AIM OF THE EXERCISE:
Reproduce the following data exactly, minus any images.

EXTRACTED RECORDS:

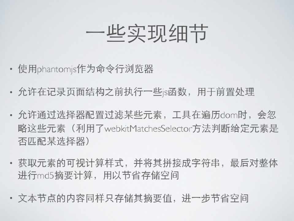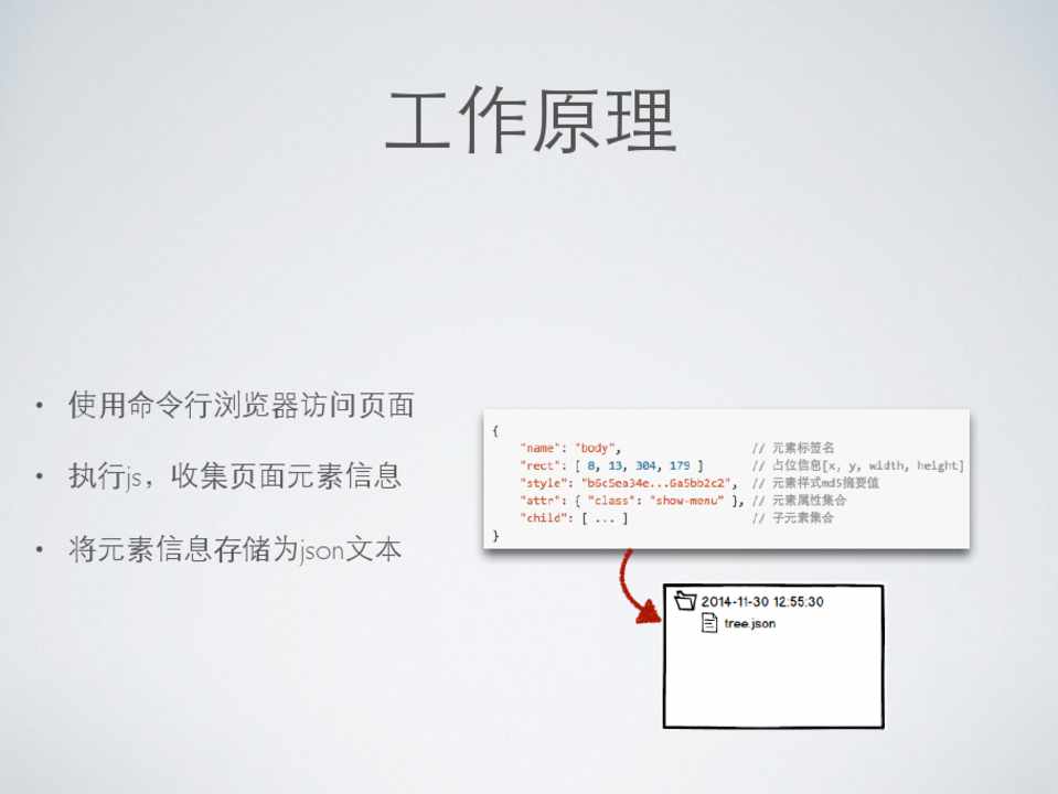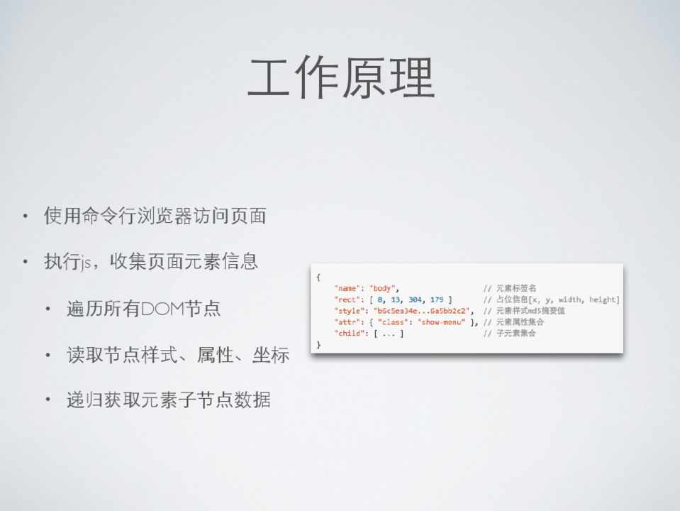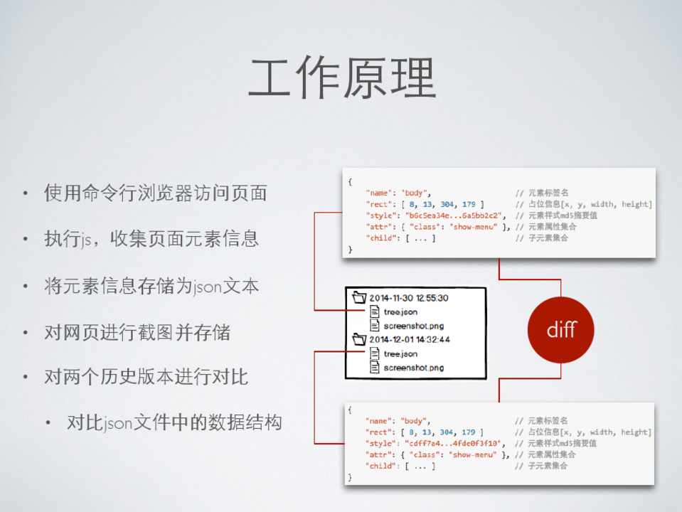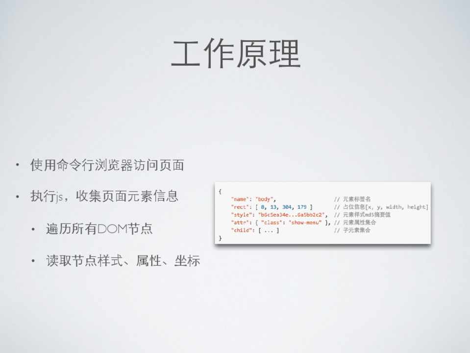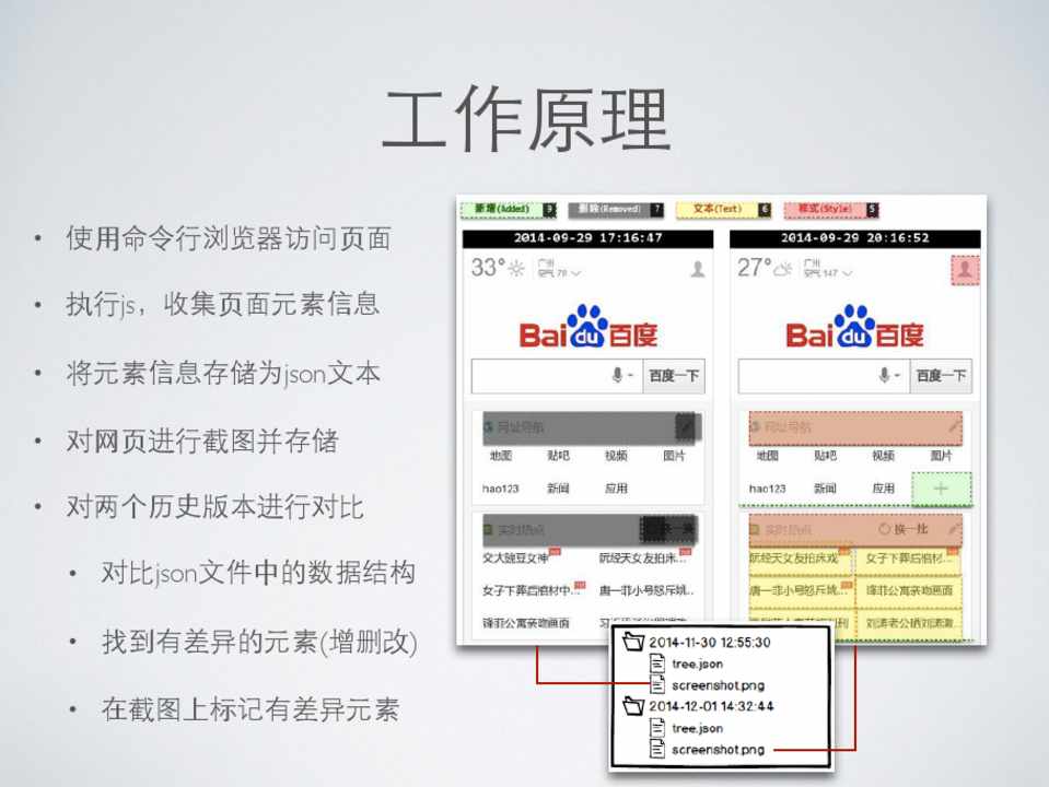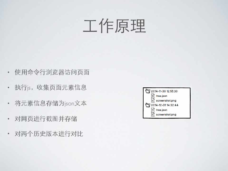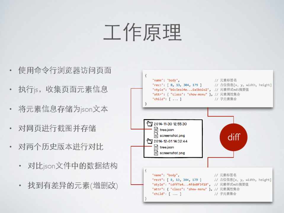 • 使⽤用命令⾏行浏览器访问⻚页⾯面 • 执⾏行js,收集⻚页⾯面元素信息 • 将元素信息存储为json⽂文本 • 对⺴⽹网⻚页进⾏行截图并存储 • 对两个历史版本进⾏行对⽐比
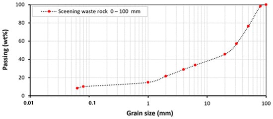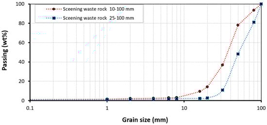 In particular, the influence of the fine and coarse aggregates on the mixture’s compactability of the screening waste rock was studied. The purpose of the characterization of the 0–100 mm aggregates in their raw state is twofold:
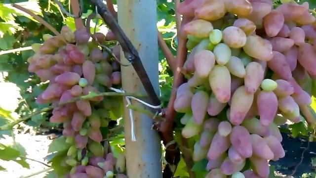 - Ροζ σταφύλια. Στον ήλιο, μπορεί να αποκτήσει ένα λιλά χρώμα. Αυτός ο τύπος σταφυλιού εμφανίζεται στην παραπάνω φωτογραφία.
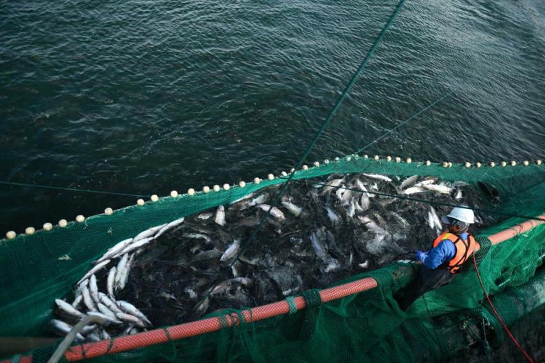 在捕捞的时候,使用自动吸鱼泵,让鱼像坐电梯一样轻柔地进入作业平台。因为传统吊网捕捞会让虹鳟鱼因紧张挣扎体内产生更多肌酸,这种物质会让虹鳟鱼的口感大打折扣。
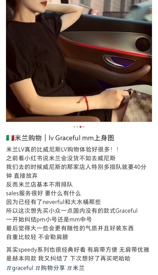 有的小红书博主,分享自己在米兰LV的购物体验,表示在米兰LV店,要先买国内没有的款式Graceful,并认为Speedy系列也很经典、很好看,无肩带优雅、是赫本同款。
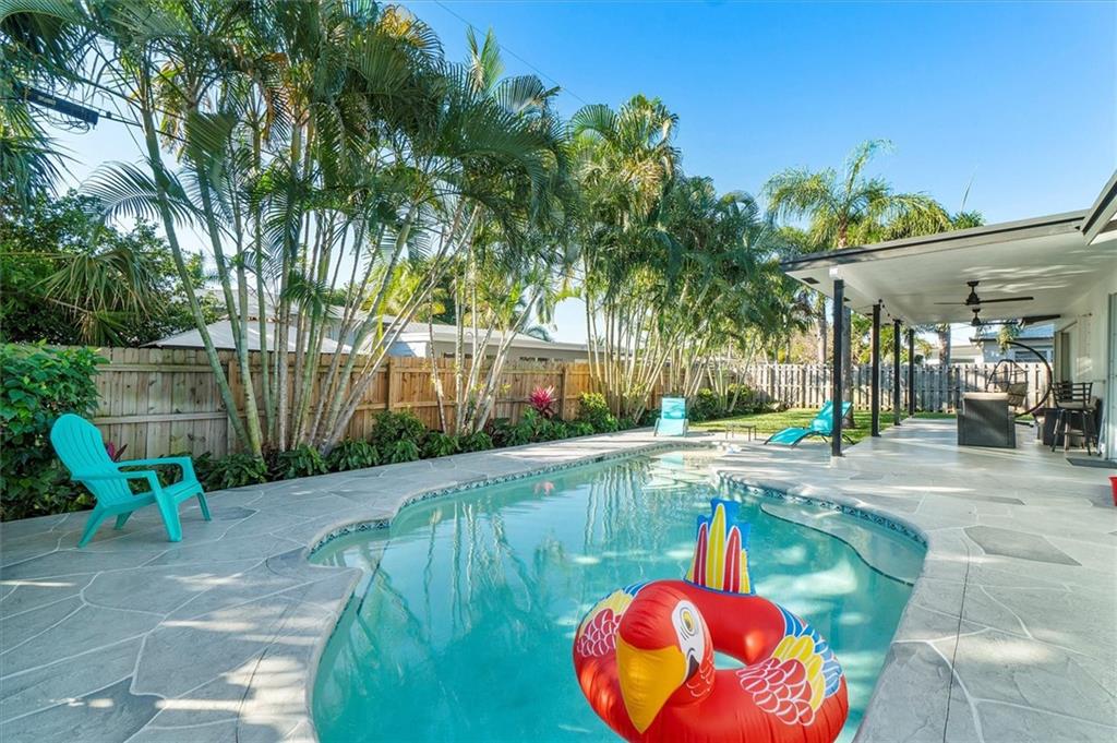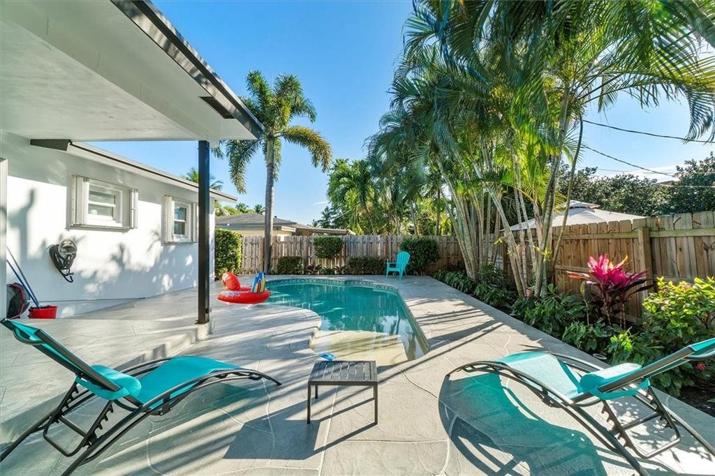 Located East of US-1 in Pompano Beach, this 4 bedroom split floor plan home is perfect for a primary residence or a vacation home as it is being offered fully furnished. This home has it all, new impact windows and doors throughout as well as brand new vinyl floors and trim. Both bathrooms have new vanities, mirrors, and plumbing fixtures. The kitchen features beautiful quartz countertops, newer appliances, and an oversized sink that looks over the pool/ covered patio area. Outside you will find recently done lush landscaping, fresh exterior paint, a brand new driveway, and pool deck! The whole family will enjoy the gorgeous yard and pool! The owners have also installed a security system with cameras and digital front door lock. Less than 10 minutes to the beach! Don't miss this!

OUTPUT:
 • 使⽤用命令⾏行浏览器访问⻚页⾯面 • 执⾏行js,收集⻚页⾯面元素信息 • 将元素信息存储为json⽂文本 • 对⺴⽹网⻚页进⾏行截图并存储 • 对两个历史版本进⾏行对⽐比
 In particular, the influence of the fine and coarse aggregates on the mixture’s compactability of the screening waste rock was studied. The purpose of the characterization of the 0–100 mm aggregates in their raw state is twofold:
 - Ροζ σταφύλια. Στον ήλιο, μπορεί να αποκτήσει ένα λιλά χρώμα. Αυτός ο τύπος σταφυλιού εμφανίζεται στην παραπάνω φωτογραφία.
 在捕捞的时候,使用自动吸鱼泵,让鱼像坐电梯一样轻柔地进入作业平台。因为传统吊网捕捞会让虹鳟鱼因紧张挣扎体内产生更多肌酸,这种物质会让虹鳟鱼的口感大打折扣。
 有的小红书博主,分享自己在米兰LV的购物体验,表示在米兰LV店,要先买国内没有的款式Graceful,并认为Speedy系列也很经典、很好看,无肩带优雅、是赫本同款。
 Located East of US-1 in Pompano Beach, this 4 bedroom split floor plan home is perfect for a primary residence or a vacation home as it is being offered fully furnished. This home has it all, new impact windows and doors throughout as well as brand new vinyl floors and trim. Both bathrooms have new vanities, mirrors, and plumbing fixtures. The kitchen features beautiful quartz countertops, newer appliances, and an oversized sink that looks over the pool/ covered patio area. Outside you will find recently done lush landscaping, fresh exterior paint, a brand new driveway, and pool deck! The whole family will enjoy the gorgeous yard and pool! The owners have also installed a security system with cameras and digital front door lock. Less than 10 minutes to the beach! Don't miss this!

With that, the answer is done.